The problem is regulatory. HIPAA and Sarbanes-Oxley make online documents a
non-starter for significant sectors of the economy. As long as business can be
penalized to a degree that far outweighs any benefits for such decisions,
these shared online systems will not chase away the traditional "I run my
software and control my own data" model.

------
JimmyL
No - and I'd also challenge the assertion that Dropbox and Slideshare are
mainstream anywhere outside of the tech/early adopter community.

These (and online docs) are products that people who like technology and new
things use as a way to get their work done. The vast majority of people - and
this is especially prevalent in enterprise contexts - don't care about a new
way to get their work done, since the old one seems to work fine.
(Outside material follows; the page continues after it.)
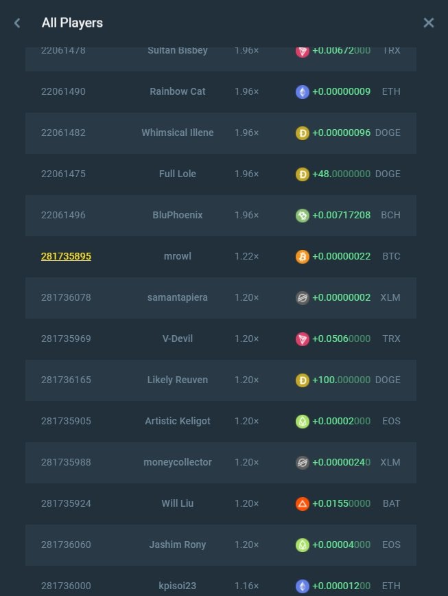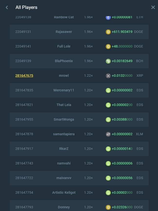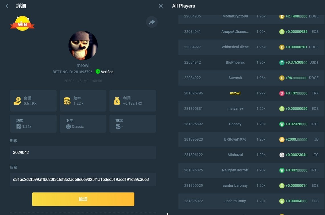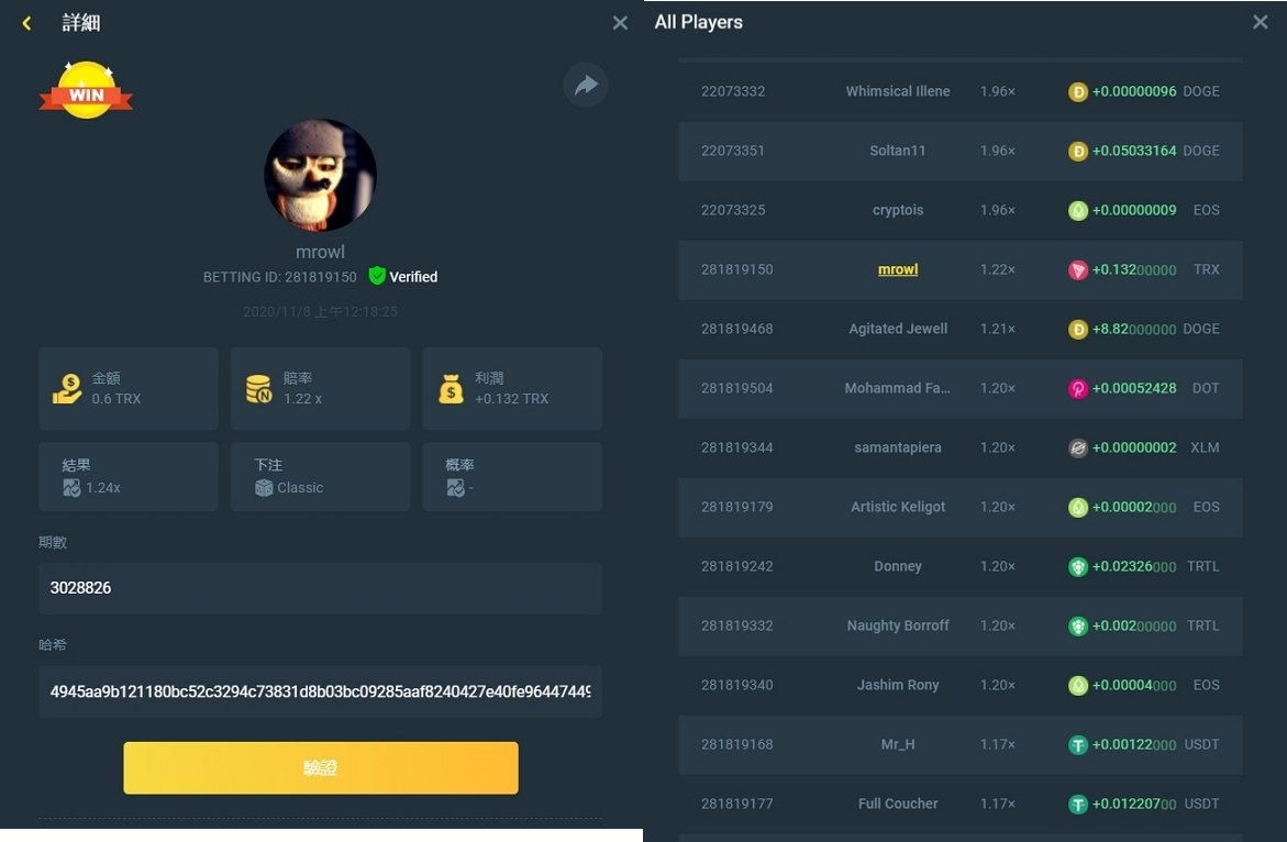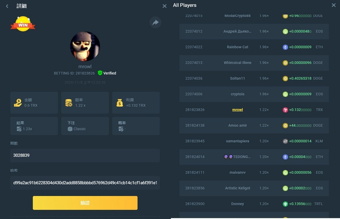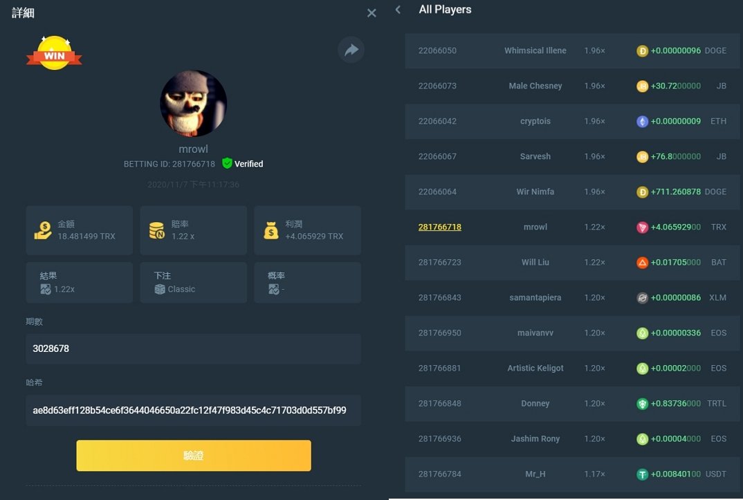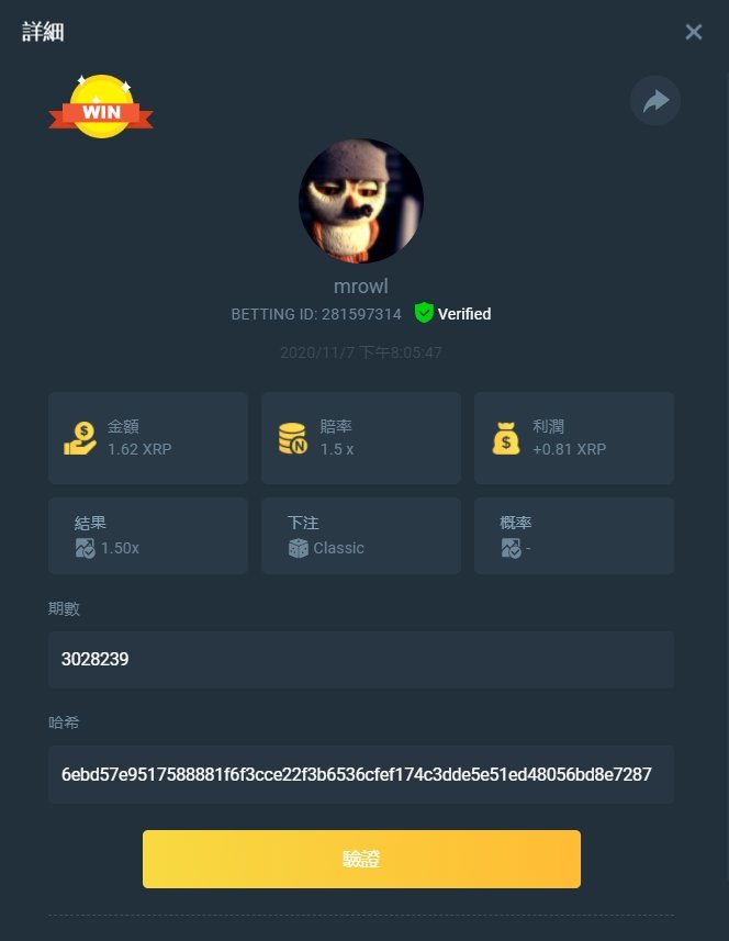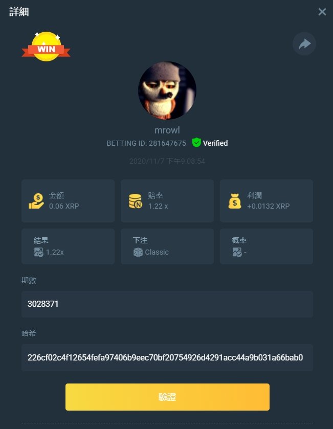 真是的 Posted November 6, 2020 Share Posted November 6, 2020 時間:台北時間 2020/11/7 20:00 ~ 2020/11/8 20:00。 參加資格:玩家需活躍於中文聊天室、並且是大家熟知的中文玩家。(突然冒出來沒人認識的帳號、或長期不參與中文聊天的帳號皆不符資格)。 挑戰遊戲:爆點 (classic)。 最低下注金額:請參考下表,僅限使用表定的幣種、金額不得低於表定的數量。 挑戰目標:下注金額依照上表規定,挑戰成為最後一名成功逃跑的幸運兒 (包含與其它玩家並列最後同時成功逃跑者),並且你的逃跑倍數不得高於 5x (含)。參與挑戰並達成目標者、需在下方回覆此討論串、粘貼螢幕截圖、並提供該局 Game-ID 才算是完成整個任務。 達標獎金:每一次達標得獎金 0.00035 ETH,玩家可以重覆多次挑戰、獎金可累計。 名額:不限名額。此活動總獎金 0.1 ETH、依玩家回覆文章順序統計發放、發完為止。若有剩餘獎金、將留待以後活動使用 獎金發放:將於活動結束後統計並確認資料無誤以後發放獎金。 以上活動訊息如有缺漏將於討論串當中隨時補充更新、請密切關注。 Link to comment Share on other sites More sharing options...

Want to collaborate on a document? Either use Track Changes or press the
"Share on SharePoint" button in Office. Want to share a PowerPoint? Email it.
Want to version a document? Load it into the company's knowledge management
system. I work on a leading-edge team inside of a very progressive
(enterprise-size) company, and it's a battle to get people to use the wiki we
have set up.

------
bkbagel
Personally, I think TechCrunch's sense of importance here is a bit inflated. I
think Office still has a long time left in its domination. Most companies are
not early adopters. And I think Google Docs, etc. still require "early
adopter" status in the corporate world.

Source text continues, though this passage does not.